In the early years of Canadian whisky all of their whiskeys were high rye mash bills but in modern times a wide variety of mash bills have been used to produce Canadian whisky. Generally, Canadian whisky is presented in the bottle as a blend of different mash bills.

In the spirit of exploration, both of the examples of Canadian whisky I chose are brand new to me and both are somewhat unique specimens of the category.

One of the more legendary names in Canadian whisky is the Canadian Club brand. Boasting more than 150 years of tradition that includes being the most smuggled brand of whisky during United State prohibition, Canadian Club first introduced its 100% rye in 2014, and later took home Whisky Advocate’s honor of 2014 Canadian Whiskey of the Year. Just this year they launched the product into the States after it received a Double Gold at the 2015 San Francisco World Spirits Competition.

With such high accolades come high expectations and as I dipped my nose into the glass for a first nose, I knew I would not be disappointed. A very balanced and gentle nose of toasted rye grain with a touch of vanilla sweetness and hints of caramel was followed by the first neat sip where the spiciness of the rye comes to the forefront. The middle is where the caramel and oak come into play in a very smooth and almost creamy mouth feel and the finish is fairly long and very clean with touches of clove, more oak, and the sweet vanilla sensed at the nosing.

This whisky is a great sipper and would certainly make a stellar Manhattan or any other cocktail that is typically rye forward. Priced just under $20, this 100% rye whisky is something everyone should really consider adding to their bar, especially if you or your guests enjoy old fashioned whisky drinks.

Alberta Distillers Limited has been distilling since 1946 and offers up a very unique bottle of blended rye whiskey that contains 91% rye whisky(comprised of a blend of ryes), 8% bourbon, and 1% sherry.

While Canadian whisky is generally known to be not only smooth but fairly simple and easy on the palate, this oddball bottle is almost an assault on your mouth with rich, deep, bold flavors that really take several visits to begin to grasp. If you hadn’t seen the bottle and just ordered a pour from a bartender, it would be next to impossible to pick this out as a Canadian whiskey by its color.
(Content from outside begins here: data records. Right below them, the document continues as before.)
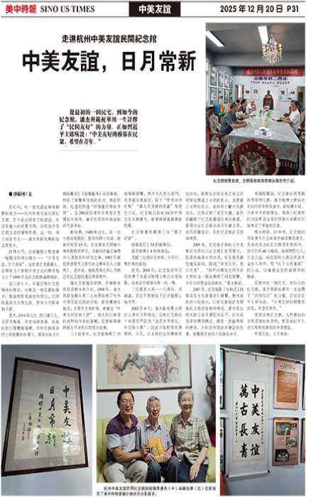 从最初的一间民宅,到如今的 纪念馆,潘杰与范祝华用一生诠释 了“民间友好”的力量。正如习近 平主席所说:“中美友好的根基在民众,希望在青年。” 在杭州,有一处充满故事与情怀的地方——杭州中美友谊民间纪念馆。它不是由国家工程建造,也没有庞大的经费支持,却成为中美民间交往的独特象征。这一切,源于两位老人——潘杰与范祝华的信念与坚守。纪念馆馆长助理、志愿服务队队长杨永根在作介绍。杭州中美友谊民间纪念馆创始馆长潘杰(中)与范祝华(右)在家接见了美...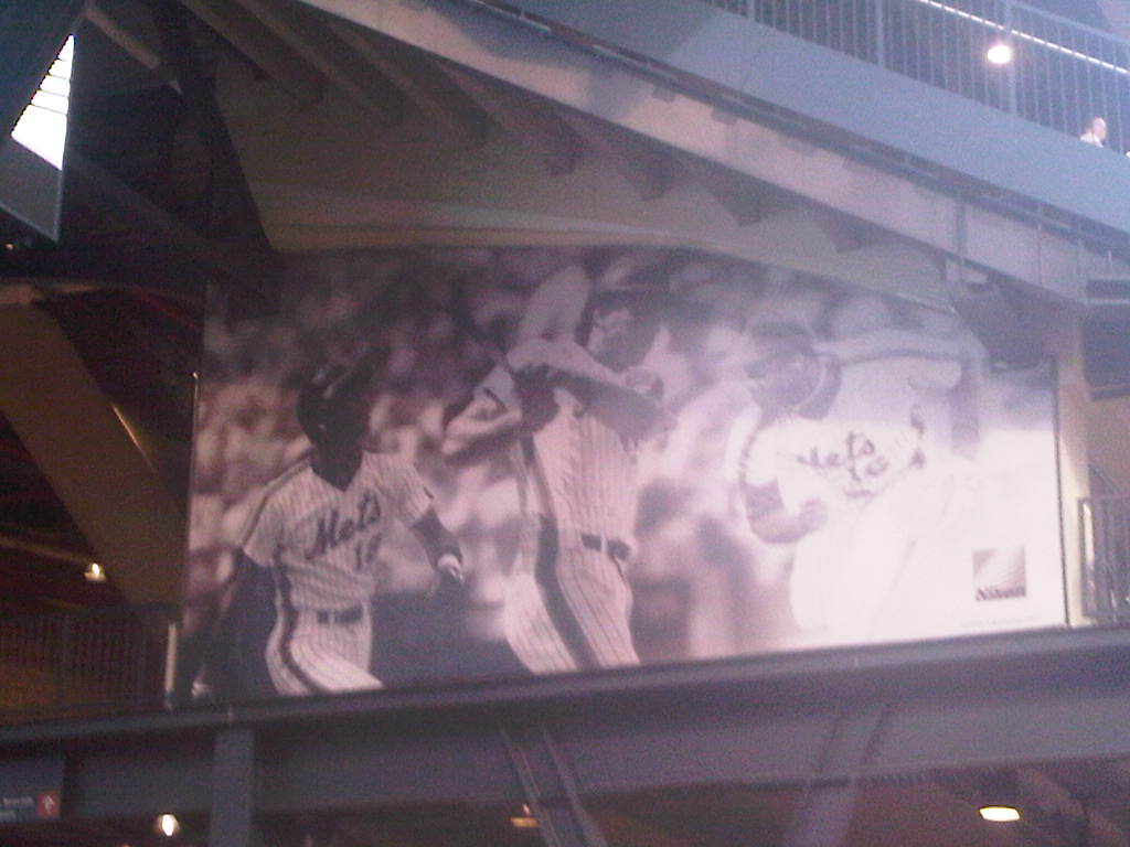 Though I clearly have an affinity for The Boys of Summer, working on developing an HBO-style TV series about Dem Bums and the borough they played in, I completely agree with the sentiment that there was an extreme lack of Metsian pizazz. The Mets heard those calls and responded, at first by installing sepia photos of the ’69 and ’86 teams throughout the ballpark, then in 2010 by installing the Mets Hall of Fame, both good moves (that shouldn’t have taken fans complaining to happen). Color Photos, including large trading cards, have made their way throughout the ballpark and along the Citi Field plaza. The stairways and bathrooms, which were void of color, now have coats of orange and blue paint. And of course, when they did change the dimensions, the outfield walls were turned blue.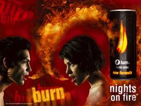 Spre deosebire de piata romaneasca, unde politica de comunicare este una foarte agresiva, privind prin prisma spotului si a printurilor existente, in alte tari din Europa, promovarea BURN si a valorilor marcii este mai domoala, insistandu-se doar pe unul din aspecte; in plus, acest lucru este realizat mult mai subtil.
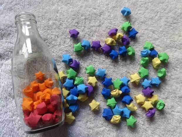 Estrellas de origami en pieza de decoración botella vidrio (6 / 7 paso)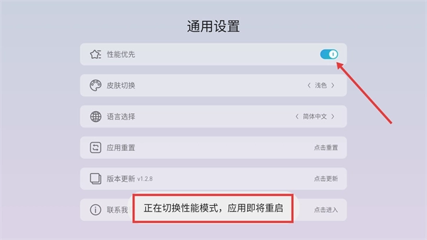 3、点击【性能优先】的开关后,应用会提示“正在切换性能模式,应用即将重启”。
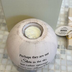 “Perhaps They Are Not Stars In The Sky, But Rather Openings Where Our Loved Ones Shine Down To Let Us Know They Are Happy" is printed onto the front of the candle holder.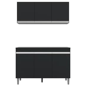 A correria de todo dia acaba por desorganizar sua cozinha? Tá faltando espaço para colocar suas coisas? Bem, isso pode melhorar com o Armário e Balcão Gabinete de Pia sem Tampo 120cm 3 Portas Manu Preto - AJL Móveis.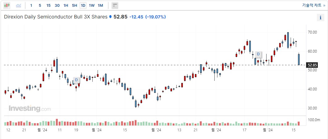 이 글을 쓰고 있는 한국시간 2024년 7월 18일 오전 4시 기준으로 SOXL 주가는 장대음봉을 그리면서 약 -19%의 폭락을 보여주고 있습니다. 언론에 나온 주가 하락 이유는 2가지 입니다. (이미지는 눌러서 보시면 크게 보실 수 있어요)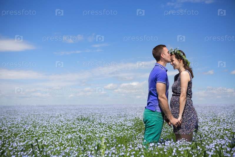 Молодая счастливая красивая пара в поле льна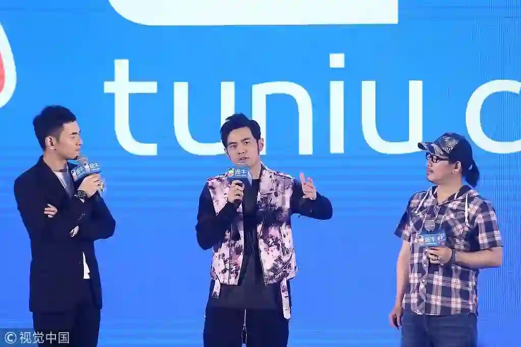2016年7月12日,周杰伦和方文山在途牛的发布会现场,©视觉中国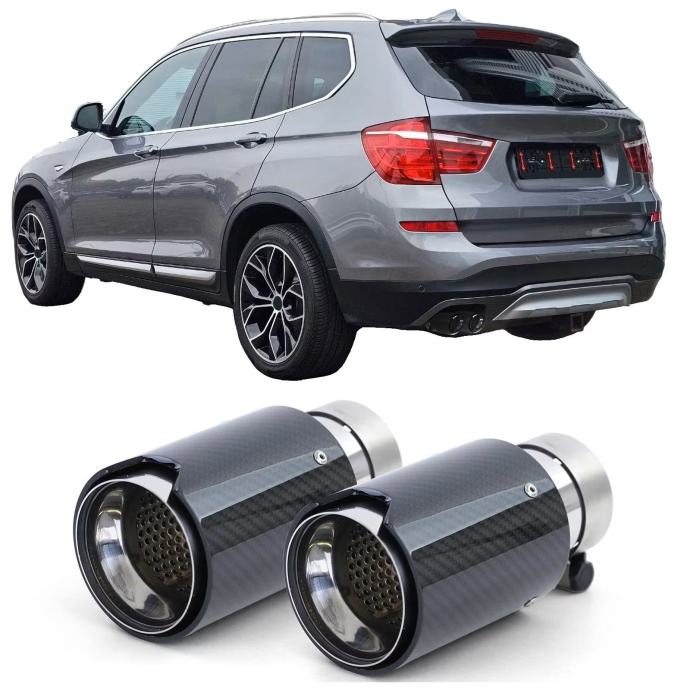 Dajte svom vozilu sportski štih s ovim univerzalnim ispušnim cijevima od nehrđajućeg čelika s karbonskim premazom. Okrugle ispušne cijevi impresioniraju svojom visokokvalitetnom izradom, plemenitom crnom sjajnom karbonskom površinom i pružaju moderan sportski izgled.

Deep and dark amber that borders on crimson, the influence of sherry and heavily charred oak is visually noted though not very present on the nose. Aromas of vanilla and touches of spice come through an otherwise strong nose of oak. The flavors roll over the tongue one after another and it’s at times hard to tell when one ends and another begins. Dark and dense with an earthy backbone, the rest of the mouth is full of hints of coffee, burnt toffee, dark red fruit, dried fruit, and even touches of evergreen needles. The dark fruit and toffee linger and as the toffee turns to more of a burnt toffee the fruit notes turn in a way that reminds me of dried prunes.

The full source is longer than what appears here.